The following lists events that happened during 1969 in Singapore.

Incumbents
President: Yusuf bin Ishak
Prime Minister: Lee Kuan Yew

Events

March
26 March – The Sentosa Satellite Earth Station is announced, which will take a year to set up.

May
13 May – Ethnic riots break out in Kuala Lumpur, Malaysia, which later spill over to Singapore.
19 May – The Singapore Petroleum Company is formed.

July
1 July – The first SAF Day was commemorated.
18 July - A fifth radio station 92.4FM playing classical music was officially formal full launched.
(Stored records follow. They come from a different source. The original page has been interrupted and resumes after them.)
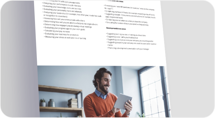 Appendix Below is the list of all intelligent technology use cases included in our global employee survey ⸀ Evaluative use cases Administrative use cases • Determining your 昀椀t with a job you applied to • Answering your basic HR questions (for example, “what are the company • Analyzing your performance in a job interview holidays?”) • Evaluating your knowledge, skills, and abilities • Completing your basic HR tasks (for example, requesting a day o昀昀 work) • Evaluating your personality traits and interests • Suggesting relevant HR documents and instructions (for example, how to • Analyzing your leadership (for example, how often you provide feedback apply for parental leave) or recognition to coworkers) • Conducting your exit interview when you leave the company • Assessing how well you communicate with others • Calculating the number of hours you spend working each day • Determining how well you are able to withstand challenges at work • Determining how engaged you are during virtual meetings Developmental use cases • Evaluating your progress against your work goals • Calculating your pay increase • Suggesting learning courses or training you should take • Evaluating your readiness for promotion • Suggesting career paths you should pursue • Measuring your stress at work and risk of quitting • Suggesting jobs or projects in your company you would be good at • Suggesting people in your company who could be your career coach or mentor • Prompting a development conversation with your manager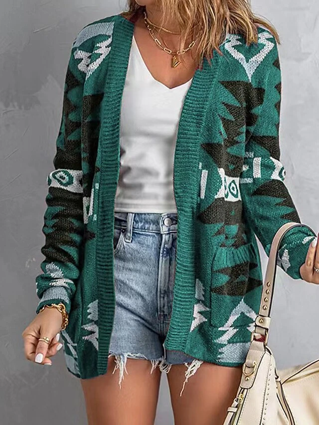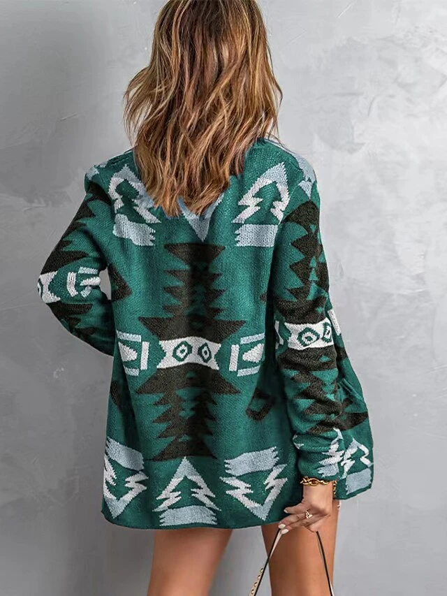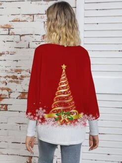 Women’s Ugly Christmas Sweater Pullover Sweater Jumper Cardigan Sweater Cowl Crochet Knit Cotton Knitted Thin Print Fall Winter Tunic Xmas Holiday Going Out Stylish Casual Long Sleeve Floral Red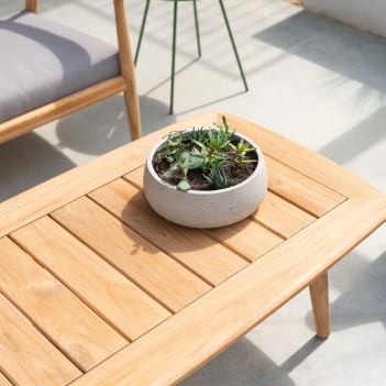 La Dana Coffee Table combine lignes épurées et beauté naturelle du teck pour créer un mobilier d’extérieur élégant et fonctionnel. Elle s’accorde parfaitement avec les autres éléments de la collection Dana et constitue un espace convivial pour prendre un café ou se détendre en plein air. Dimensions: largeur 1300 mm × hauteur 400 mm × profondeur 700 mm. Garantie: 10 ans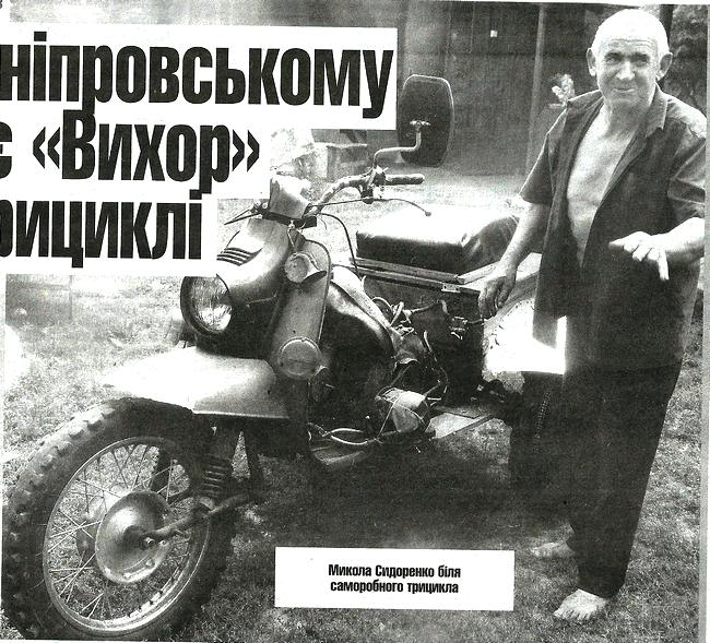 — Проект був у голові. У цьому трициклі є все, що хочеш. Деталі з «Мурав’я». Цепку сам складав. Мотор з мотоцикла «!Ж». їздить на бензині, бере літрів п’ять на сто кілометрів. Все зварив докупи. Трициклом буду їздити на зимову риболовлю. Спеціально для цього і робив його. Як нормально буде тягнути по кучугурам, лишу як є. А ні — дороблю четверте колесо. І стане квадроциклом.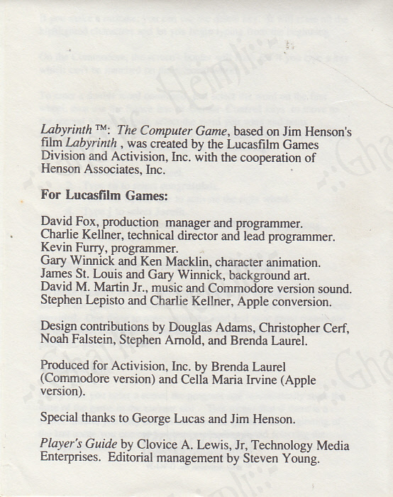 Labyrinth: The Computer Game è ad oggi universalmente considerato la prima avventura grafica della Lucasfilm Games, prodotta su commissione a supporto del film fantastico Labyrinth — Dove tutto è possibile di Jim Henson del 1986.

FM Stereo network begins operations was officially introducing stereo broadcast to Singapore. 92.4FM was officially launched. Singapore's first radio station to broadcast in FM Stereo since its launch with 8 hour daily broadcasts from 6:00am to 9:00am and 6:00pm to 11:00pm SST.

December
10 December – Floods hit Singapore after heavy rain, leaving five fatalities.

Births
 10 January – Tan Chuan-Jin, Speaker of the Parliament of Singapore.
 10 February – Poh Lip Meng, national sport shooter (d. 2021).
 14 May – Lim Tong Hai, national football player.
 17 June – James Lye, former actor.
 10 July – Hossan Leong, media personality.
 12 August – Edwin Tong, Minister for Culture, Community and Youth.
 1 September – Lam Pin Min, former politician.
 9 October – Chan Chun Sing, Minister for Education.
 15 November – Ong Ye Kung, Minister for Health.
 Douglas Foo, Founder of Apex-Pal International Ltd (which owns Sakae Sushi), former Nominated Member of Parliament.